Daijiworld Media Network – New Delhi
New Delhi, Jan 1: Smoking is set to pinch the pockets of nearly 10 crore smokers across the country, with the Union government imposing an additional excise duty on tobacco products effective February 1, 2026, making cigarettes and related products more expensive.
Late on Wednesday, the Finance Ministry notified the Chewing Tobacco, Jarda Scented Tobacco and Gutkha Packing Machines (Capacity Determination and Collection of Duty) Rules, 2026, under which cigarettes will attract an excise duty ranging from Rs 2,050 to Rs 8,500 per 1,000 sticks, depending on their length.

The move had an immediate impact on the stock market, with shares of major cigarette manufacturers coming under pressure. ITC, the country’s largest cigarette maker and manufacturer of brands such as Gold Flake and Classic, fell around 2% and emerged as the biggest loser on the Nifty 50 index.
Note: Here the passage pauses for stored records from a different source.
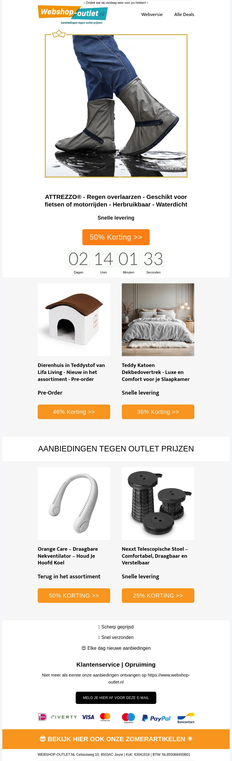Bekijk onze nieuwste aanbiedingen met kortingen tot wel 50%! Regenoverlaarzen voor de natte dagen, knusse dierenhuisjes in teddystof en comfortabele dekbedovertrekken. Daarnaast ook draagbare nekventilators en telescopische stoelen. Deze deals wil je niet missen!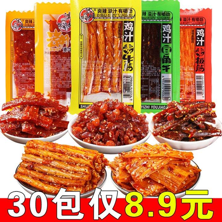 鸿旺鸡汁素牛筋素板筋豆角干麻辣条儿时怀旧解馋五毛休闲零食小吃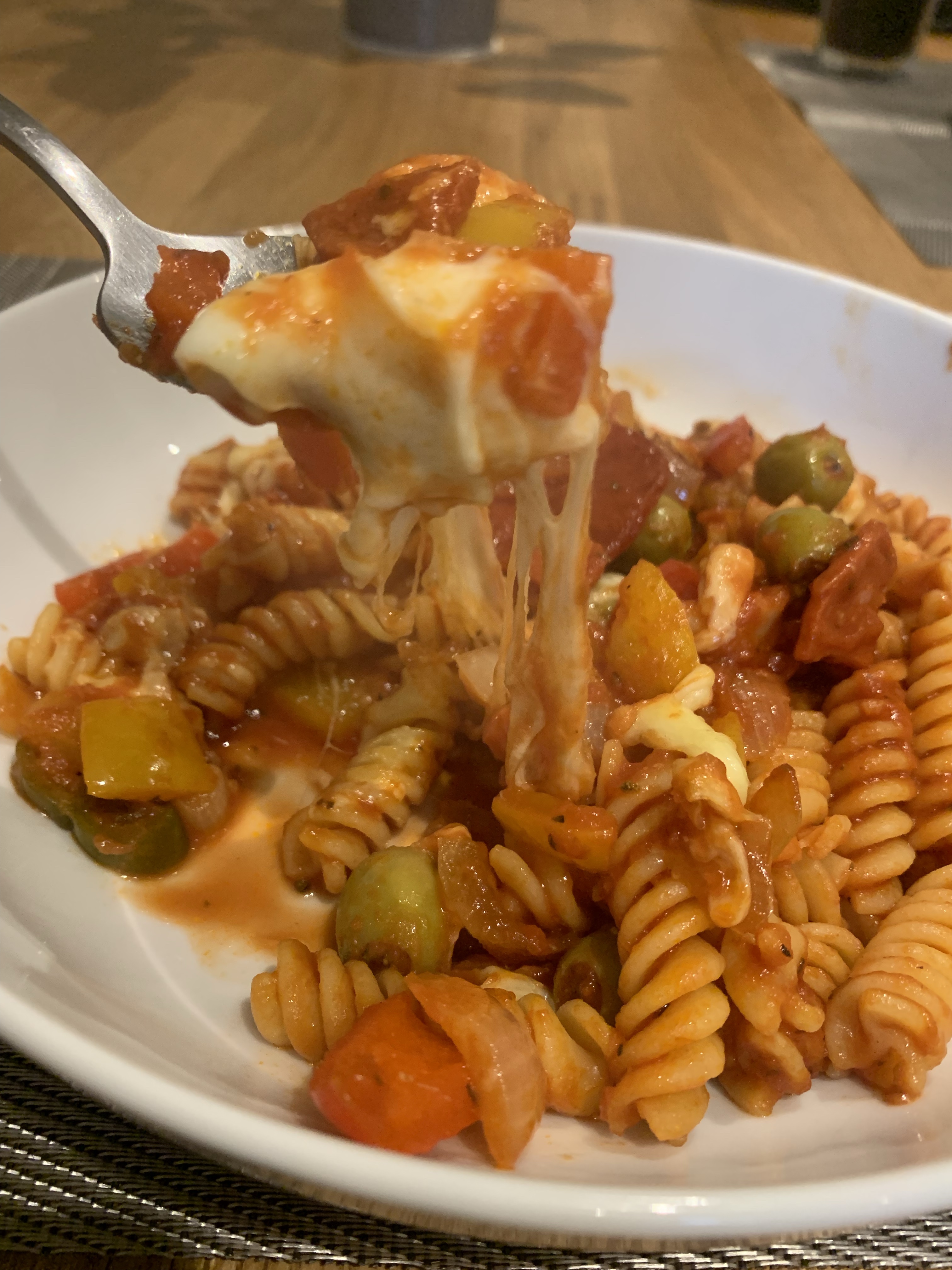 - Tip the cooked pasta into an ovenproof dish, pour over the sauce and stir until the pasta is coated. Sprinkle the pasta with the mozzarella and cheddar and top with the remaining pepperoni.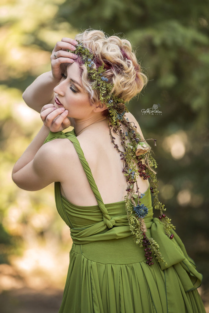 This gorgeous foliage flower crown is a statement piece for the ages, for anyone who loves a completely rustic accent to any special event. The Cora crown boasts an organic style with a full foliage halo with strands of mixed foliage, berries, and flowers mixed in trailing behind for a look all its own. Wear with your hair up to allow the vines to trail down your back, or wear with your hair down for a memorable boho look. This crown is sure to add that special touch of natures magic to your themed photo shoot, wedding, outdoor party, or other special occasion!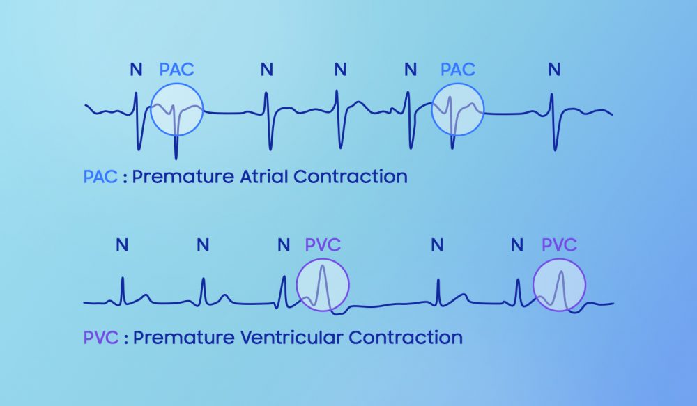 · Détection des battements ectopiques : L’électrocardiogramme (ECG) amélioré de la Galaxy Watch8 permet de mieux capturer les battements ectopiques, ces battements cardiaques prématurés qui passent souvent inaperçus lors des examens de routine, car ils se produisent fréquemment sans symptômes apparents. Il est bien connu que des battements ectopiques fréquents peuvent être considérés comme cliniquement significatifs et peuvent conduire à des arythmies qui augmentent le risque d’accident vasculaire cérébral et de défaillance cardiaque. La gamme Galaxy Watch8 offre une mesure ECG améliorée avec la capacité de différencier les cas de battements ectopiques fréquents, ce qui permet d’obtenir des informations plus précoces pour soutenir les soins préventifs.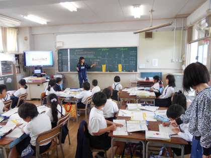 ケニヤ、中国、ドイツ…いろんな国の子どもたちが英語で自己紹介するビデオを見て、どの国の子どもかを答えていきます。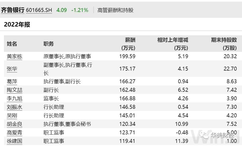 年报显示,去年原董事长黄家栋以近200万元薪酬领跑,行长张华也超过175万元,其他高管和多名监事薪酬超过百万元。
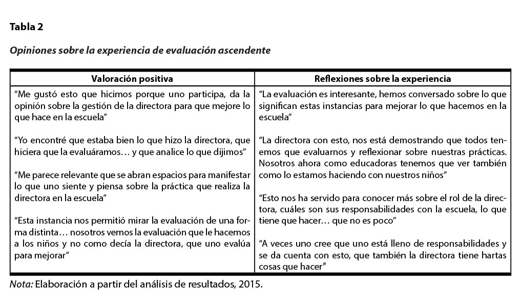 Por otra parte, se ha destacado la experiencia vivida por el equipo de profesionales de la educación, que valoran el proceso desarrollado por la directora, porque consideró su opinión no solo para medir el nivel de desempeño, sino que para abrir espacios de discusión sobre la gestión y el liderazgo directivo. La evaluación ascendente ayuda a la mejora en cuanto recoge las valoraciones desde una perspectiva diferente a la que estamos acostumbrados y cobra sentido en las organizaciones educativas, toda vez que se espera desarrollar prácticas de liderazgo más distribuido y colaborativo. La evaluación, en este contexto, rompe esa creencia arraigada en la sociedad, donde la valoración del trabajo de otros deben hacerla los expertos o las personas responsables de dirigir la institución.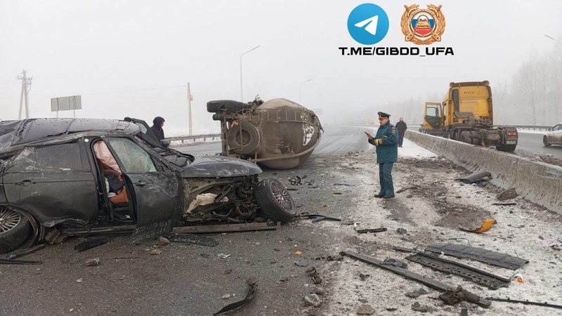 Внедорожник Range Rover, в котором ехала семья с детьми, неожиданно прошел краш-тест на прочность. На Нагаевском шоссе в Уфе водитель цементовоза не справился с управлением, и тяжелая цистерна опрокинулась на легковушку. Жуткий инцидент произошел утром в пятницу, 11 апреля, на Нагаевском шоссе в Уфе. По предварительным данным, водитель большегруза DAF не справился с управлением, что привело к опрокидыванию прицепа. В результате цементовоз рухнул прямо на движущийся в крайнем левом ряду легковой автомобиль, после чего обе машины вылетели на встречную полосу, совершив кувырок через бетонные ограждения.Полиция республики Башкортостан опубликовала запись с видеорегистратора, установленного в машине, которая ехала сразу за Range Rover. На кадрах видно, что водитель внедорожника тормозил и пытался уйти от цементовоза, но возможности для маневра у него не было. В результате ДТП Range Rover получил серьезные повреждения, но все ехавшие в нем люди выжили. Водителя и двоих маленьких детей увезли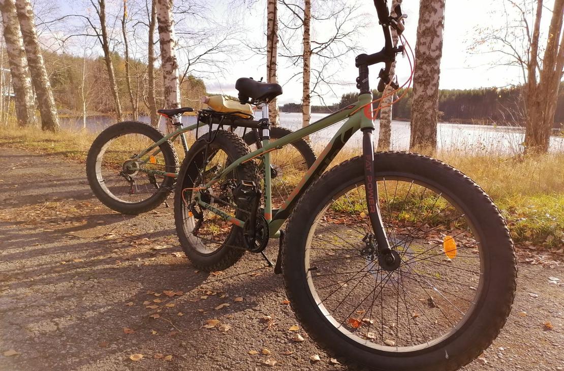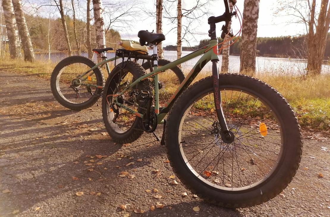 Petkeljärvi's fat bikes are simple 7-speed, with 26" tires and an M-size frame, which are best suited for first-time riders who want to test out what it's like to ride a fat bike. Please note that cycling is not recommended on the national park trails, but you can pedal to Möhkö on a fat bike.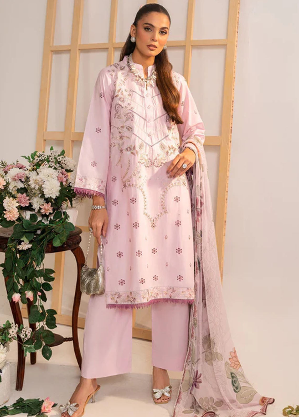 3 PC stitched set featuring .Solid embroidered shirt .Solid embroidered sleeves .Digital printed chiffon dupatta .Dyed cotton trouser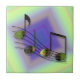 Circuit boards, heart monitors, and flowing vines represent the electronic sounds, slick beats, and pleasing melodies that are mixed together to create the unique blend of sounds found in dubstep, contained within a set of musical notes on a flowing staff. This tile can be framed to create a trivet or placed inside a wooden gift box lid. Tiles without a frame will also fit inside the large gift box to create a matching set.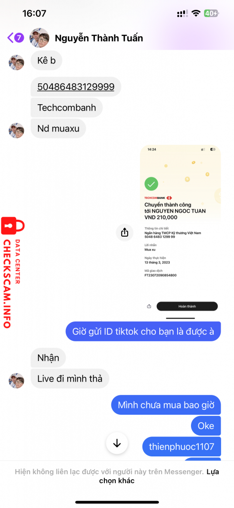 Scammer Alert: Nguyễn Ngọc Tuấn Reported: November 16, 2024 Scammer Information Full Name: Nguyễn Ngọc Tuấn Payment Gate: Techcombank Payment Account: 50486483129999 Category: Marketplace scams Source: Checkscam Evidence Files Report Description Scam Comments Your comment Add Comment No comments yet. Be the first to share your experience with this scammer.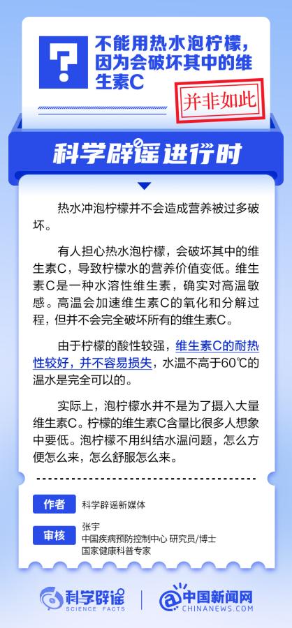 熱水沖泡檸檬并不會(huì)造成營(yíng)養(yǎng)被過多破壞。維生素C是一種水溶性維生素,確實(shí)對(duì)高溫敏感。高溫會(huì)加速維生素C的氧化和分解過程,但并不會(huì)完全破壞所有的維生素C。(來源:@科學(xué)辟謠 中國(guó)新聞網(wǎng)微博)
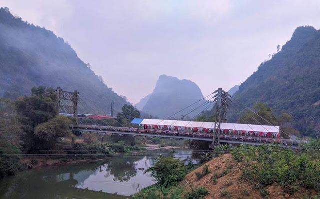 Hình ảnh về việc người dân dựng rạp đám cưới giữa cầu ở Bắc Kạn sau khi được đăng tải trên mạng xã hội Facebook đã gây xôn xao dư luận.
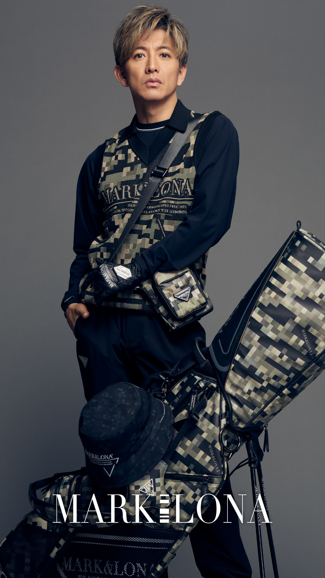 アクセサリー類もデジタルカモフラージュ柄で統一。キャディバッグ(9型47インチ対応)は、フルセット収納可能ながらコンパクトなスタンド型。マグネット式ポケットやダブルショルダーを採用し、実用性とスタイルを両立しました。
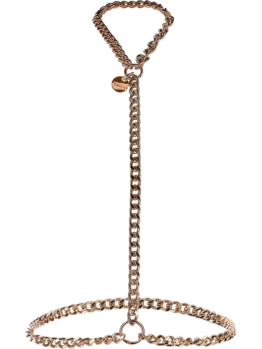 The Dona Statement Harness is an elegant harness in metal that sexyly adorns your body. The harness is strong, made of shiny rosegold metal (nickel-free) and perfect for a kinky adventure. You can also wear the harness as a sexy and stylish accessory.

Godfrey Phillips India, which distributes Marlboro cigarettes in India, declined by over 4%. The FMCG index was also trading about 0.6% lower.
At present, tobacco products attract a Goods and Services Tax (GST) of 40%. The new excise duty will be levied over and above GST, replacing the compensation cess that has now been done away with as part of the government’s broader GST rationalisation exercise.
From February 1, tobacco products including pan masala and cigarettes will continue to attract 40% GST, while bidis will be taxed at a lower rate of 18%. In addition, a Health and National Security Cess will be imposed on pan masala, and tobacco and allied products will face the newly notified excise duty.
The Parliament had approved two bills in December enabling the levy of the Health and National Security Cess on pan masala and the imposition of excise duty on tobacco products. The government has now formally notified February 1, 2026, as the date from which these changes will come into force. On the same day, the existing GST compensation cess on tobacco products will cease to apply.